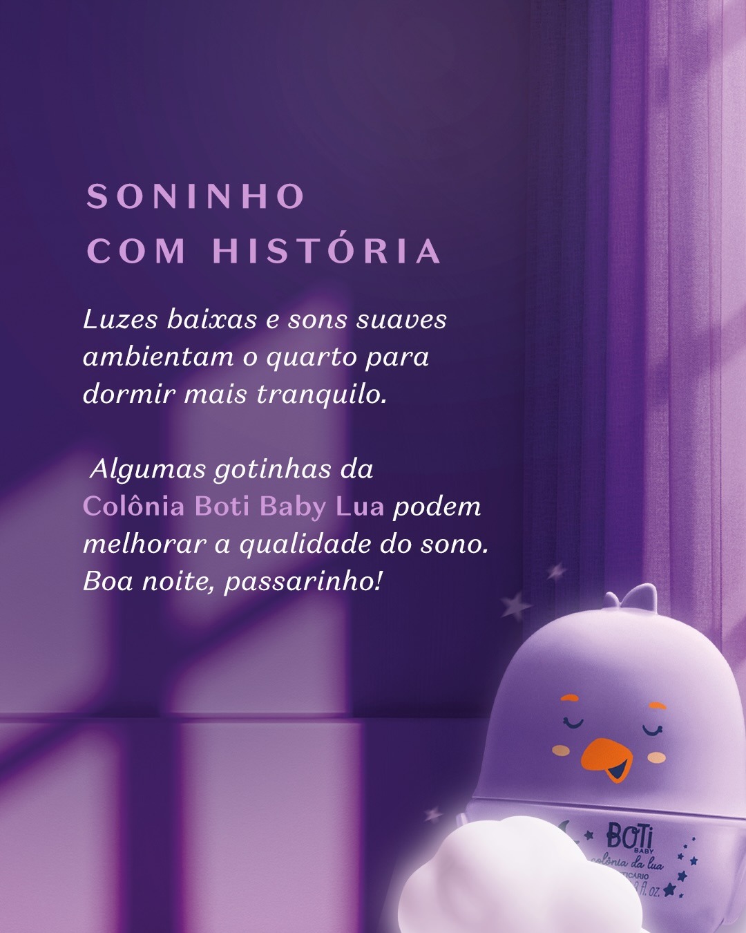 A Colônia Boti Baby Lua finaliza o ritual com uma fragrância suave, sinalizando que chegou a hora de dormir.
====
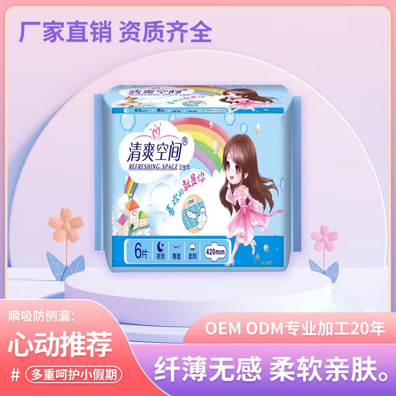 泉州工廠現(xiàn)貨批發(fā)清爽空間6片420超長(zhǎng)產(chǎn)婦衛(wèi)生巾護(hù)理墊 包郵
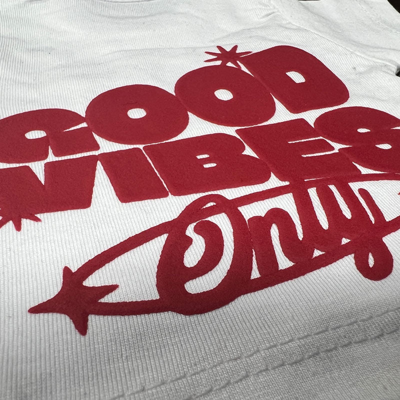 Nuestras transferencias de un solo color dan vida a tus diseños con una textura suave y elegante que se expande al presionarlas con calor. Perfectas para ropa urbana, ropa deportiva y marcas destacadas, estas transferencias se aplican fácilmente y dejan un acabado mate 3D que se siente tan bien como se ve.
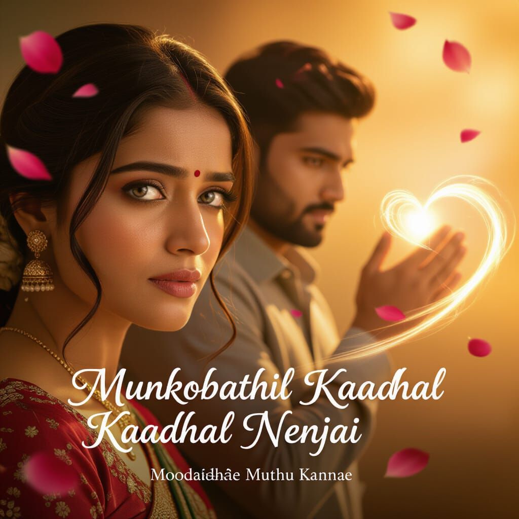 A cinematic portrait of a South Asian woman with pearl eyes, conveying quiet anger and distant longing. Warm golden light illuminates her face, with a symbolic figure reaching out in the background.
====
YOUR ASSIGNMENT
Lines from the one above containing "泉州工廠現(xiàn)貨批發" down to the one containing "Nuestras transferencias de" should be transcribed exactly, with both ends kept and no pictures.

TASK RESPONSE
 泉州工廠現(xiàn)貨批發(fā)清爽空間6片420超長(zhǎng)產(chǎn)婦衛(wèi)生巾護(hù)理墊 包郵
 Nuestras transferencias de un solo color dan vida a tus diseños con una textura suave y elegante que se expande al presionarlas con calor. Perfectas para ropa urbana, ropa deportiva y marcas destacadas, estas transferencias se aplican fácilmente y dejan un acabado mate 3D que se siente tan bien como se ve.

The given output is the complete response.